OK - Mort Fertel is for sissies. If you are struggling with infidelity he doesn't have any answers for you. Trust me on that my ex-partner drug me through that bs in the early stages. Most therapists are not capable of dealing with intense trauma. Find and pay for a specialist...and even then don't expect too much.

Over time, you are going to find your partner less and less attractive. You will see them for the person they really are now that they are exposed. You aren't going to like what you see. Ugly, selfish, uncaring people. You'll see them the way others always have. You'll wonder why you didn't notice all these negatives sooner. Love really is blind.

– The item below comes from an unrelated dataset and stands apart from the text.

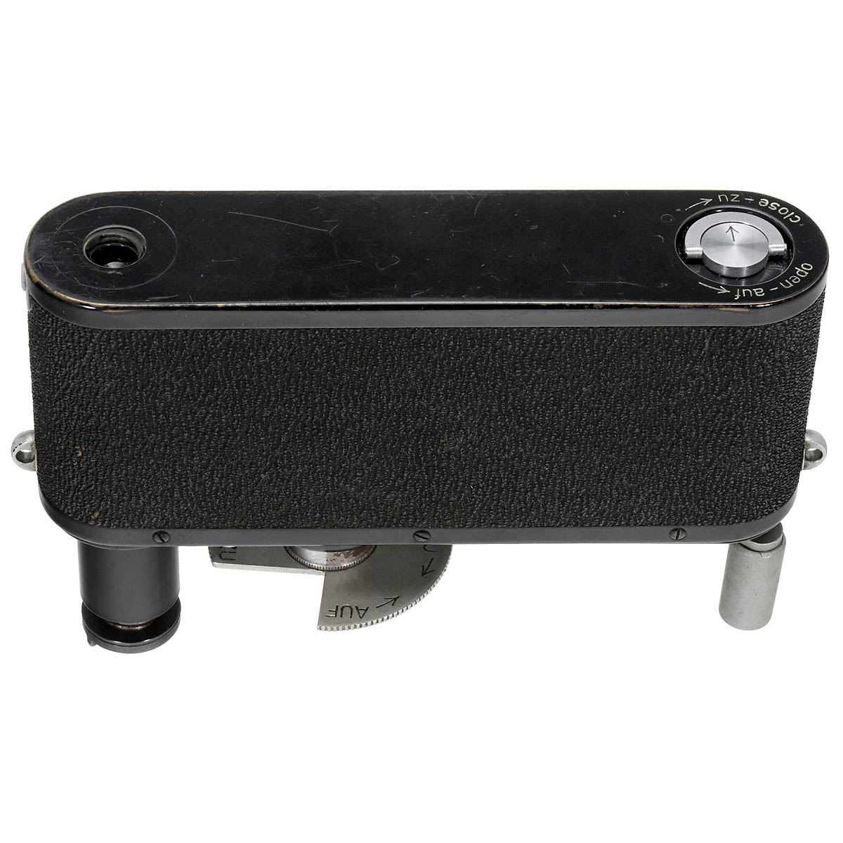Leitz, Wetzlar. No. 411331. Surface roughness measuring instrument after Forster, manual shutter (open/ close), for continuous electric motor drive. Surface changes are registered in contrast curves on the film. - Special model for industrial applications. - Literature: James Lager, "Leica", volume 1, p. 67. - Typical sharkskin vulcanite of the era. Beautiful condition. Extremely rare!

Some folks here reminded me that men pay prostitutes because they are avoiding intimacy. Thanks for that. The problem is, you can stop using prostitutes but a lifetime of intimacy avoidance is hard to turn around. In my case, he went from absorbed in prostitutes to absorbed in men's groups and self help - I have been/continue to be/always will be just not that important.

Anyway, just some late night scribbles here. I hope someone else on this journey tells me I am dead wrong, and a relationship can survive any amount of damage. From my vantage point, that's because the person who is being asked to accomodate that mess doesn't think they can do better if they move on from the emotional abuse/trauma/degradation of a cheating spouse. But I am interested in other points of view...


----------



## [email protected] (Dec 23, 2017)

DoneIn, I'm sorry. There are betrayeds who go years and years and still hurt. Some years ago I knew a guy who triggered even after about eight years. It was around year twelve when he finally called the M off.


----------



## alte Dame (Aug 7, 2012)

I think this is a very good post. I agree with it (therefore, it's a very good post  ).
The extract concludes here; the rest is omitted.